第八章 政治 5

 最初に異変に気付いたのは臥輿の担ぎ手のひとりだった。

 臥輿には貴人が寝そべって乗るのだが、本人が自重を支えられない状態になると、揺れの違いが担ぎ手にも伝わって乗っている人の体勢が分かるのだという。


「そっと降ろせ。そっとだ」


 他の担ぎ手にそう指示した男は最初、アスカニウスが眠ってしまったのだろうと思ったと言う。仕事を終えての帰路でうたた寝する貴人がいてもおかしくはないが、アスカニウスが臥輿で寝入ってしまうなんて珍しいと思ったと。

 玄関前でヴェールを上げて中を伺う。担ぎ手たちの様子がおかしいことに気付いたフェリクスも慌てて駆け寄った。


「クラディウス様!」


 アスカニウスはぐったりとして、半ば意識を失っていた。家人たちは騒然となった。


「水だ、すぐに水を用意しろ!」

「馬鹿者あまり揺らすな!」

「申し訳ありませんッ」


 アスカニウスは警備兵の背に担がれて運ばれた。


「オト殿はいますか! 聖水を持ってきてください!」


 こんな時は広い屋敷の廊下が憎くなる。最奥にあるアスカニウスの私室まで、ただ歩くだけでこんなに時間がかかるのだから。

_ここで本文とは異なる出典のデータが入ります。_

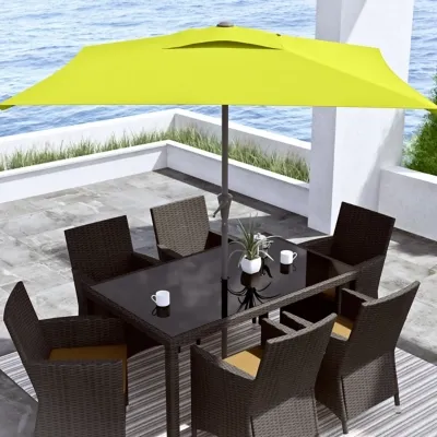 Share special moments in your own backyard with this universal 9ft square patio umbrella. Complete with air vents to ensure your seating area stays cool on hot summer days. Durable steel frame with polyester fabric canopy look great and will withstand the elements of the outdoors. Assembly and storage is simple with a convenient crank system. Pair with a CorLiving umbrella base for additional support.

 アスカニウスを寝台に横たえるとオトとポンペイウスが現れた。


「朝もお飲みになりましたのに……」


 オトがそう言って小瓶を差し出す。口髭の下の唇が白く、噛み締めた跡が残っている。

 ピュートーの代表と、ユリアンやポンペイウスたち、ガイウスにも頼み込んで集めた泉の聖水はまだたくさん瓶が残っている。しかしこうして日に何本も必要となると、なくなるのも時間の問題だ。クラディウス一門が手に入れた各地の清らかな水を届けさせているが、体調は緩やかに悪化している。

 フェリクスは無言で小瓶を受け取った。

 寝台に乗り上がってアスカニウスの顔を覗き込む。頬に触れると身じろいで、薄く目を開いた。頬はやはり冷たい。明け方の水に触れているようだ。


「聖水を」


 フェリクスが小瓶を見せると、アスカニウスは口元を動かした。

 笑顔を見せようとしているのだ。それは水が大好きなアスカニウスの素直な喜びでもあり、フェリクスたちを安心させようという気遣いでもあった。

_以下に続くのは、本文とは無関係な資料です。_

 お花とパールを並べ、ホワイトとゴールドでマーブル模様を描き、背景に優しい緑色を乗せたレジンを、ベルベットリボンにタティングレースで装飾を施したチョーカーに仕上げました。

 ポンペイウスに手伝ってもらいアスカニウスの上半身を起き上がらせる。開封した瓶を口元に持っていくとしっかりと喉を動かして少ない水を飲み干した。


「口移しは、してくれないのか」

「お元気そうでなによりです」


 アスカニウスの気丈な軽口にフェリクスは平坦な声で返した。


 ――良かった、この間ほどは悪くない。


 フェリクスは俯いてホッと息を吐き、込み上げてきた涙を堪えた。

 三日前、この寝台に横たわるアスカニウスの胸の音を確かめた時。もうあと少しで死んでしまうのではと思った時の、背筋が凍る感覚を思い出してしまう。


「すまん、どこで倒れた?」


 アスカニウスは唇に残った一雫まで舐めとって誰にともなく尋ねた。それにはポンペイウスが答える。


「臥輿の中で。家の者以外には知られておりませんので、ご安心を」

「そうか……」


 アスカニウスを寝台に寝かせ、厚い掛布を肩までかける。それを見届けたポンペイウスは警備兵を促してそっと退室した。

 使用人たちの慌ただしい物音が響いてくる。ルキウスたちもアスカニウスを心配しているだろう。アトリウムにいるのかもしれない。


 フェリクスは部屋の外の騒がしさを遠くに聞きながら、アスカニウスの顔を見つめた。

 目を開いている。その目がフェリクスを見つめ返している。だから大丈夫だと、何度も自分に言い聞かせていないと恐怖に屈してしまいそうになる。

 その視線をどう受け取ったのか、アスカニウスが口を開いた。


「五年も総督を務められるか、さすがに心配になってきた」

「そ、そんなことをおっしゃってはいけません。モレア市になら毎日でもピュートーの水を届けられますから、きっとまた良くなります」


 ガチャンッ‼ 硬いものがぶつかり合う音に、バシャリと水の跳ねる音が続く。

 背後の物音に驚いたフェリクスは勢いよく振り返った。アスカニウスを寝台に肘をついて身を起こす。


「も、申し訳ございません!」


 パウルスが床に蹲るようにして頭を下げていた。その傍には陶製の水差しの破片が散らばっている。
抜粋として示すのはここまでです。